TASK REQUIREMENTS:
All of the listing should be output exactly, apart from the pictures.

SUPPLIED MATERIAL:

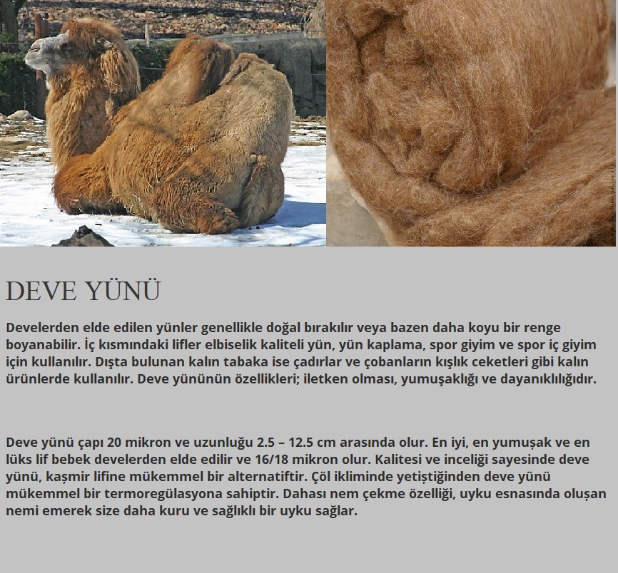 Deve yünü, genellikle Doğu Avrupa ve Asya'da bulunan iki hörgüçlü Bactrian Camel'den elde edilir, lüks yumuşak deve yünü lifi, sıcak yaz aylarında devenin yumuşak karnından toplanır. Doğal olarak, develeri vahşi bir ortamda aşırı sıcak ve soğuktan korumak için tasarlanmış bir malzeme olan deve yünü, olağanüstü yalıtım özellikleri sunar, yumuşaktır ve her koşulda cilt için çok rahattır. Oldukça yakın zamana kadar, bu lifler neredeyse yalnızca palto ve eşarp gibi üst düzey giysi imalatında kullanılmıştır. Güzel giysiler için harika özellikler, bunu herhangi bir birinci sınıf mobilya yapımına ideal bir ek yapar.
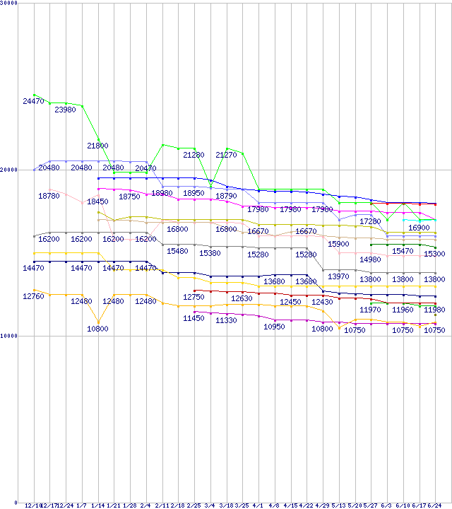 CPU主要製品(最安値1万円〜2万円未満)の最安値推移↑前グラフ↓次グラフ(2010年12月10日〜2011年6月24日)※このグラフは過去のデータも税率5%相当に調整した税込み相当額のグラフです。凡例Core i5-2500K (3.30GHz,TDP 95W)Core i5-2405S (2.50GHz,TDP 65W)Phenom II X6 1100T Black Edition (3.3GHz,L2 512KB×6,L3 6MB,TDP 125W)Core i5-2500 (3.30GHz,TDP 95W)Phenom II X4 980 Black Edition (3.7GHz,L2 512KB×4,L3 6MB,TDP 125W)Core i5-2400S (2.50GHz,TDP 65W)Phenom II X6 1090T Black Edition (3.2GHz,L2 512KB×6,L3 6MB,TDP 125W)Core i5-2400 (3.10GHz,TDP 95W)Core i5-2310 (2.90GHz,TDP 95W)Phenom II X6 1065T (2.9GHz,L2 512KB×6,L3 6MB,TDP 95W)Phenom II X4 970 Black Edition (3.5GHz,L2 512KB×4,L3 6MB,TDP 125W)Phenom II X4 910e (2.6GHz,L2 512KB×4,L3 6MB,TDP 65W)Phenom II X4 965 Black Edition (3.4GHz,L2 512KB×4,L3 6MB,TDP 125W)Core i3-2120 (3.3GHz,TDP 65W)Core i3-2105 (3.10GHz,TDP 65W)Phenom II X4 960T Black Edition (3.0GHz,L2 512KB×4,L3 6MB,TDP 95W)Phenom II X4 955 (3.2GHz,L2 512KB×4,L3 6MB,TDP 95W)Core i3-2100T (2.50GHz,TDP 35W)※製品名をクリックすると個別のグラフを表示します※点線部は販売店が確認できなかった、または調査データがないことを示します
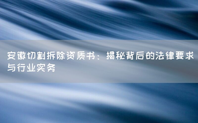 安徽切割拆除行业作为建筑拆除领域的重要分支,其专业性和法律要求不容忽视。本文将深入探讨安徽切割拆除资质书的相关内容,包括资质的申请条件、法律法规的遵循以及行业实务中的关键问题。
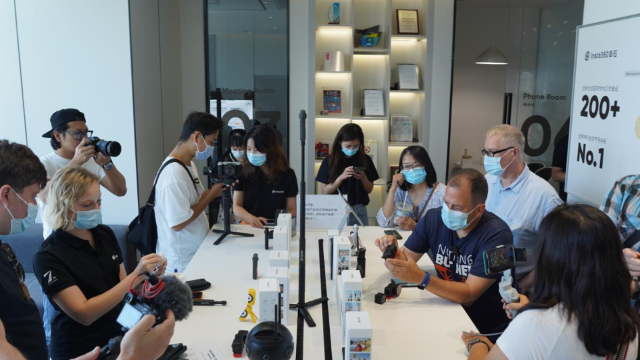 攝影攝像器材是外國(guó)“網(wǎng)紅”們最親密的“伙伴”。在位于前海的影石Insta360產(chǎn)品展示區(qū),外國(guó)“網(wǎng)紅”對(duì)360度全景相機(jī)、運(yùn)動(dòng)相機(jī)、虛擬現(xiàn)實(shí)(VR)等專業(yè)影像設(shè)備愛(ài)不釋手,馬上通過(guò)社交平臺(tái)與他們的粉絲分享,為中國(guó)的影像科技品牌“帶貨”。

ANSWER BOX:
 Deve yünü, genellikle Doğu Avrupa ve Asya'da bulunan iki hörgüçlü Bactrian Camel'den elde edilir, lüks yumuşak deve yünü lifi, sıcak yaz aylarında devenin yumuşak karnından toplanır. Doğal olarak, develeri vahşi bir ortamda aşırı sıcak ve soğuktan korumak için tasarlanmış bir malzeme olan deve yünü, olağanüstü yalıtım özellikleri sunar, yumuşaktır ve her koşulda cilt için çok rahattır. Oldukça yakın zamana kadar, bu lifler neredeyse yalnızca palto ve eşarp gibi üst düzey giysi imalatında kullanılmıştır. Güzel giysiler için harika özellikler, bunu herhangi bir birinci sınıf mobilya yapımına ideal bir ek yapar.
 CPU主要製品(最安値1万円〜2万円未満)の最安値推移↑前グラフ↓次グラフ(2010年12月10日〜2011年6月24日)※このグラフは過去のデータも税率5%相当に調整した税込み相当額のグラフです。凡例Core i5-2500K (3.30GHz,TDP 95W)Core i5-2405S (2.50GHz,TDP 65W)Phenom II X6 1100T Black Edition (3.3GHz,L2 512KB×6,L3 6MB,TDP 125W)Core i5-2500 (3.30GHz,TDP 95W)Phenom II X4 980 Black Edition (3.7GHz,L2 512KB×4,L3 6MB,TDP 125W)Core i5-2400S (2.50GHz,TDP 65W)Phenom II X6 1090T Black Edition (3.2GHz,L2 512KB×6,L3 6MB,TDP 125W)Core i5-2400 (3.10GHz,TDP 95W)Core i5-2310 (2.90GHz,TDP 95W)Phenom II X6 1065T (2.9GHz,L2 512KB×6,L3 6MB,TDP 95W)Phenom II X4 970 Black Edition (3.5GHz,L2 512KB×4,L3 6MB,TDP 125W)Phenom II X4 910e (2.6GHz,L2 512KB×4,L3 6MB,TDP 65W)Phenom II X4 965 Black Edition (3.4GHz,L2 512KB×4,L3 6MB,TDP 125W)Core i3-2120 (3.3GHz,TDP 65W)Core i3-2105 (3.10GHz,TDP 65W)Phenom II X4 960T Black Edition (3.0GHz,L2 512KB×4,L3 6MB,TDP 95W)Phenom II X4 955 (3.2GHz,L2 512KB×4,L3 6MB,TDP 95W)Core i3-2100T (2.50GHz,TDP 35W)※製品名をクリックすると個別のグラフを表示します※点線部は販売店が確認できなかった、または調査データがないことを示します
 安徽切割拆除行业作为建筑拆除领域的重要分支,其专业性和法律要求不容忽视。本文将深入探讨安徽切割拆除资质书的相关内容,包括资质的申请条件、法律法规的遵循以及行业实务中的关键问题。
 攝影攝像器材是外國(guó)“網(wǎng)紅”們最親密的“伙伴”。在位于前海的影石Insta360產(chǎn)品展示區(qū),外國(guó)“網(wǎng)紅”對(duì)360度全景相機(jī)、運(yùn)動(dòng)相機(jī)、虛擬現(xiàn)實(shí)(VR)等專業(yè)影像設(shè)備愛(ài)不釋手,馬上通過(guò)社交平臺(tái)與他們的粉絲分享,為中國(guó)的影像科技品牌“帶貨”。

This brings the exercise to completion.